1. The problem statement, all variables and given/known data

I have a university project that involves comparing various paints with regards to how they affect the insulating properties of houses.

As part of that I would like to measure the emissivity of the paint for a variety of wavelengths. Unfortunately I can not simply heat up a sample of the paints for this because I would like to measure emissivity in steps of 50 nm or so up to 300 or 250 nm, which is in the UV part of the spectrum.

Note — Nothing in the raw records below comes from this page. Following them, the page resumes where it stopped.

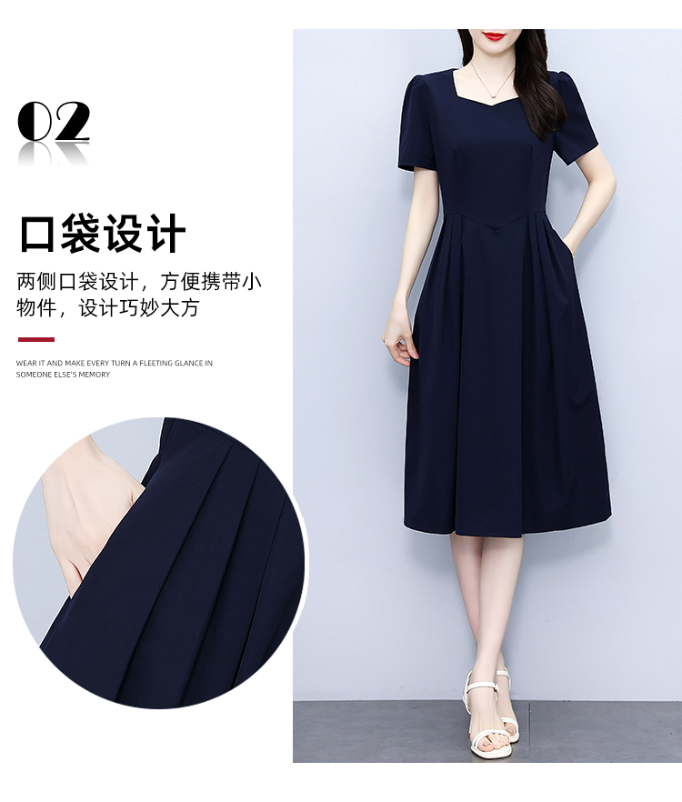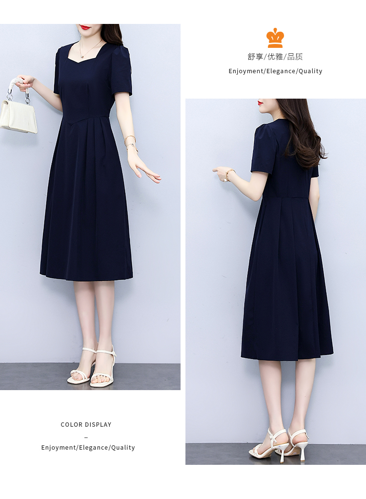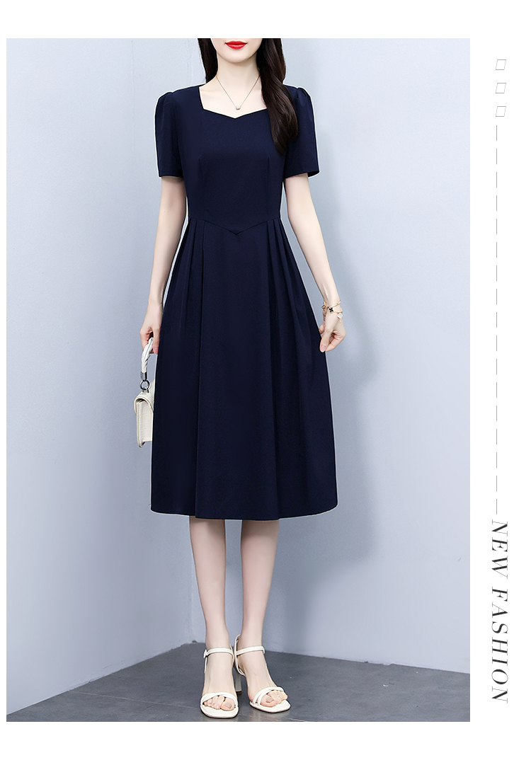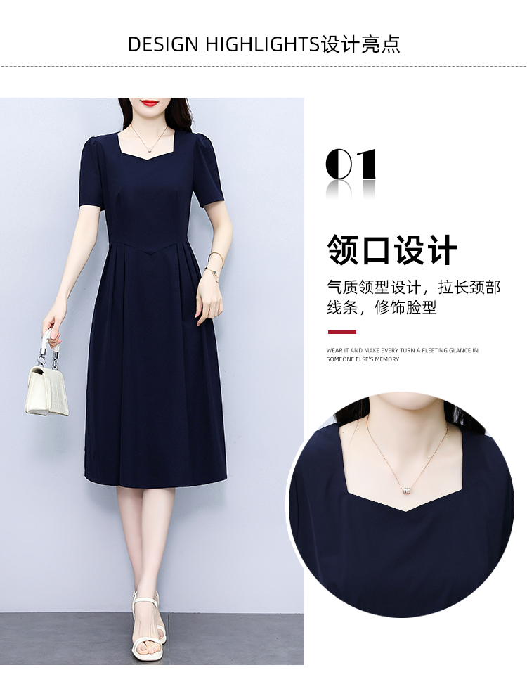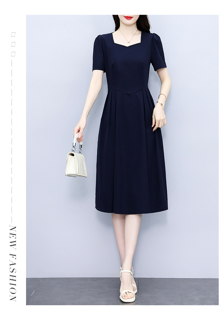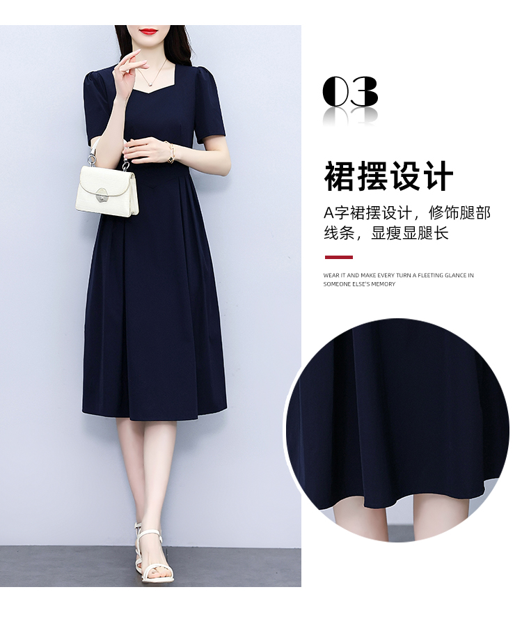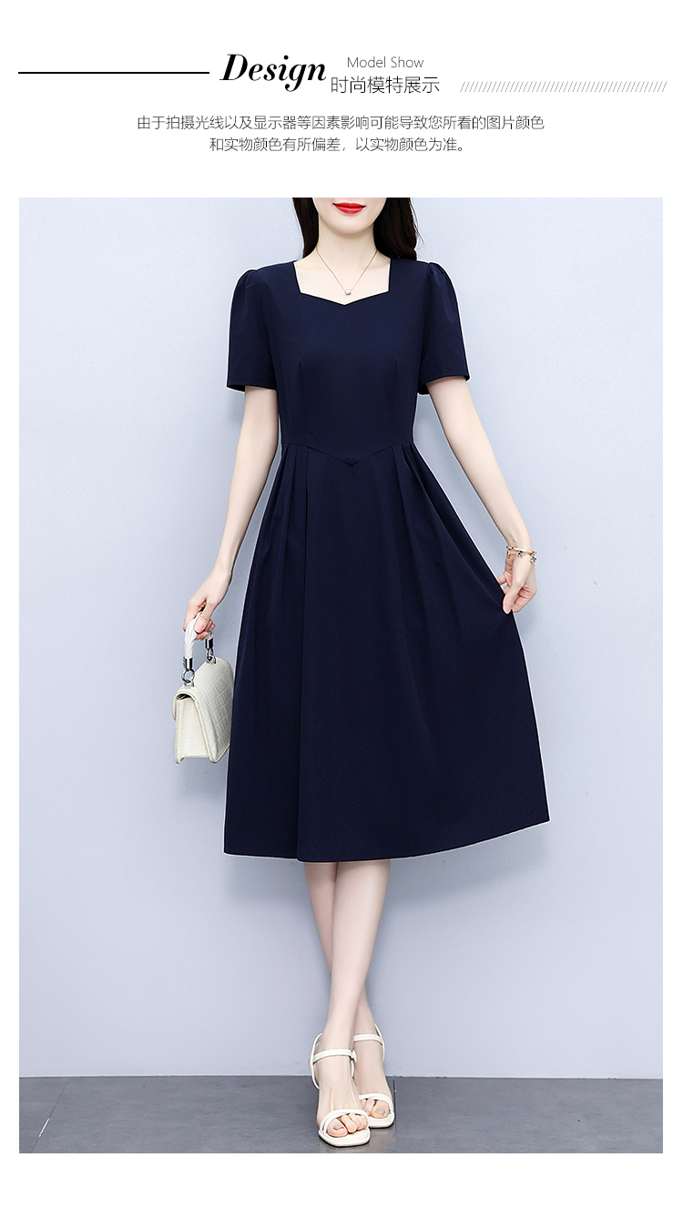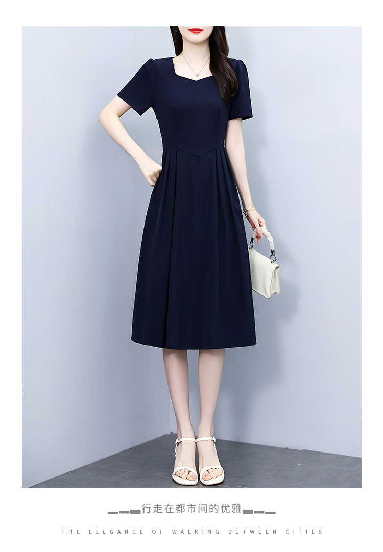 RY3858# 沐沐衣品#2026年夏季新款气质显瘦遮肚中长款V领大码短袖连衣裙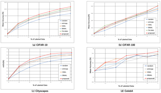 The experiments were each conducted five times, and the results of the experiments were averaged to determine the final value. The evaluation metrics used were accuracy for the classification tasks and mean intersection over union (mIOU) for the semantic segmentation task. Since the purpose of active learning is to improve the efficiency of annotation in normal learning, commonly used metrics were selected for each evaluation metric.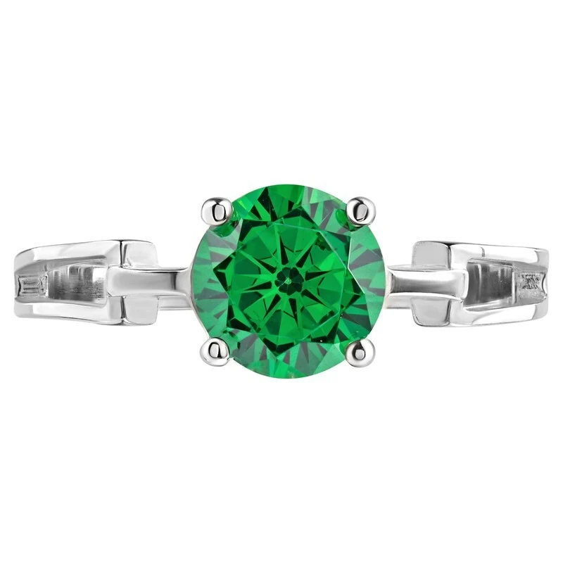 Серебряное кольцо с нанокристаллом, цвет зеленый изумруд - коллекция Классик. Средний вес изделия с камнями 2.11 гр. Размер главного камня: круг 7 мм. Нанокристалл - синтезированный ювелирный нанокристалл, превосходящий по блеску, преломлению света, твердости, плотности простой фианит. Все изделия собственного производства, гарантия 12 месяцев. Арт. 8251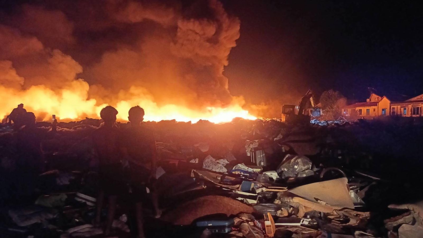 ไฟไหม้กองขยะขนาดใหญ่ ซอยสังฆประชา 9 เจ้าหน้าที่ระดมฉีดน้ำดับเพลิง

So my question is, if I were to use a monochromator to select a narrow wavelength range of light, and then determine the fraction of that light that undergoes specular and diffusive reflection from the painted surface, would 1 minus that fraction be a good estimate of the emissivity of the paint for that wavelength range?

2. Feb 4, 2012

### marcusl

Puzzling post. Paint is too thin to provide significant insulation. Do you mean its effects on the energy balance for a house? Also measuring the UV emissivity makes no sense to me. I would pay attention to a) absorption or reflectance in the visible, where the sun's power spectral density is maximum, because this will determine the heat load added to the house, and b) the IR emissivity, to calculate radiative cooling.

3. Feb 5, 2012

### lavalamp

Indeed, I understand that a thin coating of paint, even if it had very low thermal conductivity, would be a decidedly sup-par insulator. That is why I decided to focus most of my attention on its emissivity.

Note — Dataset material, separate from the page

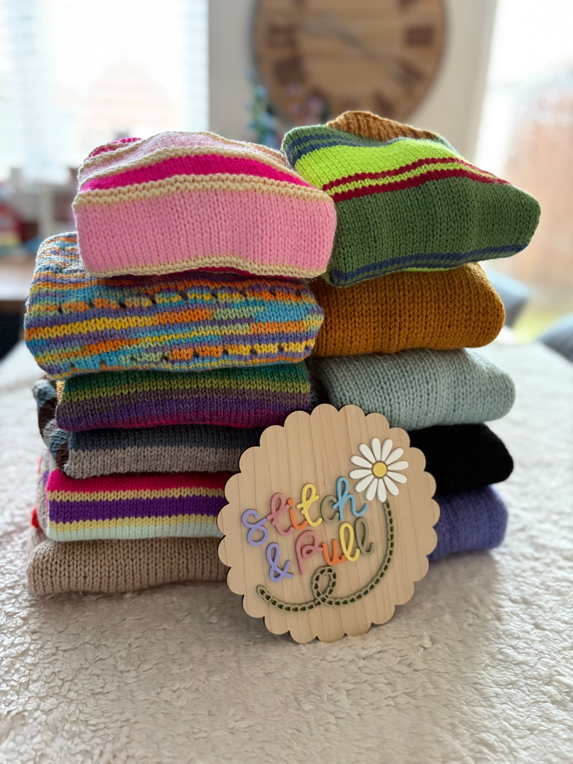 This is a hand embroidered cardigan, hat or stocking personalised with your child’s name. Please see the pictures for the knits available.

I'm not going to measure emissivity too far into the UV, as I said perhaps to about 250 nm, which isn't that far outside visual range. Most of the suns power output is in the visual region, but does extend into the UV and back into the infra-red. This is why I would like to measure emissivity across this range, to more accurately determine the power absorbed by the paint when sunlight is shone upon it.

Of course the paint will only emit in the far infra-red due to its temperature, and I can similarly calculate the power loss by the paint due to this.

This is all just frosting though, my main question is; can emissivity be accurately determined solely by measuring the specular and diffuse reflection?

Intuitively I am inclined to say that yes it can since whatever is not absorbed must be reflected. However there could very well be other effects that I am not aware of that cause more light than would be expected to be reflected. Polarisation of light as it passes through the atmosphere for instance.